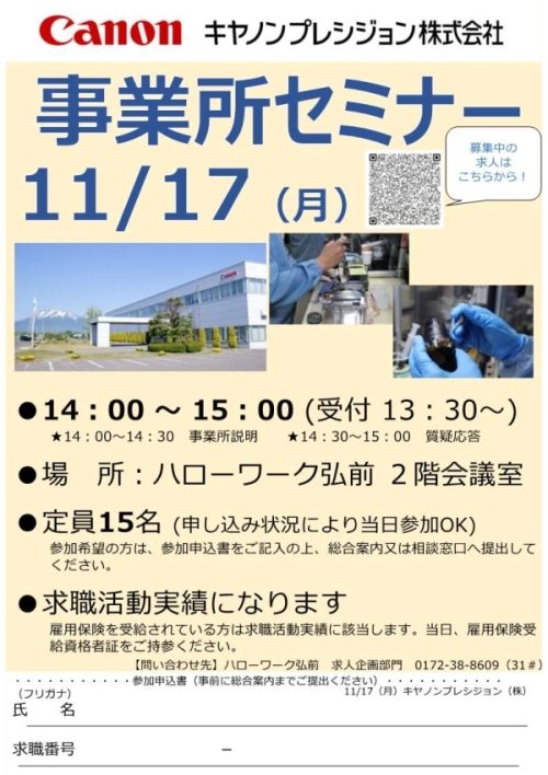 企業の担当者から、事業内容、求人内容、職場環境、福利厚生などの説明をしていただきます。
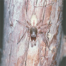 amongst foliage. In buildings, the spider's sac is built behind cupboards, pictures
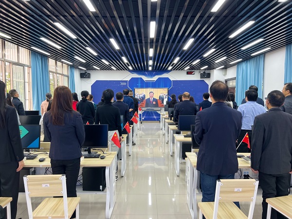 上午9点半,工作人员早早调试好了设备,86寸大屏幕播放着二十大特别节目,39名教职工着正装翘首以盼。当10点的国歌声响起,全场肃立,大家内心澎湃、神情激动,一场承前启后、标志着中国共产党在新的百年征程上大步迈进的盛会正式开幕。教师们认真聆听了习近平总书记代表党中央所作的二十大报告《高举中国特色社会主义伟大旗帜 为全面建设社会主义现代化国家而团结奋斗》。报告内容实在、方向明确、凝聚人心、催人奋进。
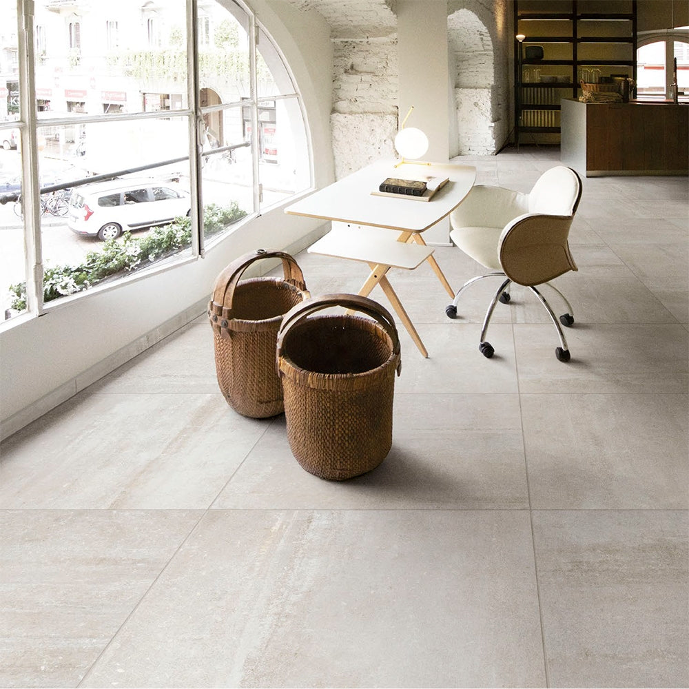 Ark Ivory Matte 24x24 Porcelain Tile offers a softer interpretation of the cement look. The gentle ivory color and matte surface bring warmth and elegance to your interior. It's perfect for creating serene and welcoming spaces, from bathrooms to bedrooms.
************
▶ **Work request**
Nothing but the lines from the first line of the listing above to the line containing "上午9点半,工作人员早早调试" should appear in the answer, each one exact and with no pictures.

▶ **Answer box**
 企業の担当者から、事業内容、求人内容、職場環境、福利厚生などの説明をしていただきます。
 amongst foliage. In buildings, the spider's sac is built behind cupboards, pictures
 上午9点半,工作人员早早调试好了设备,86寸大屏幕播放着二十大特别节目,39名教职工着正装翘首以盼。当10点的国歌声响起,全场肃立,大家内心澎湃、神情激动,一场承前启后、标志着中国共产党在新的百年征程上大步迈进的盛会正式开幕。教师们认真聆听了习近平总书记代表党中央所作的二十大报告《高举中国特色社会主义伟大旗帜 为全面建设社会主义现代化国家而团结奋斗》。报告内容实在、方向明确、凝聚人心、催人奋进。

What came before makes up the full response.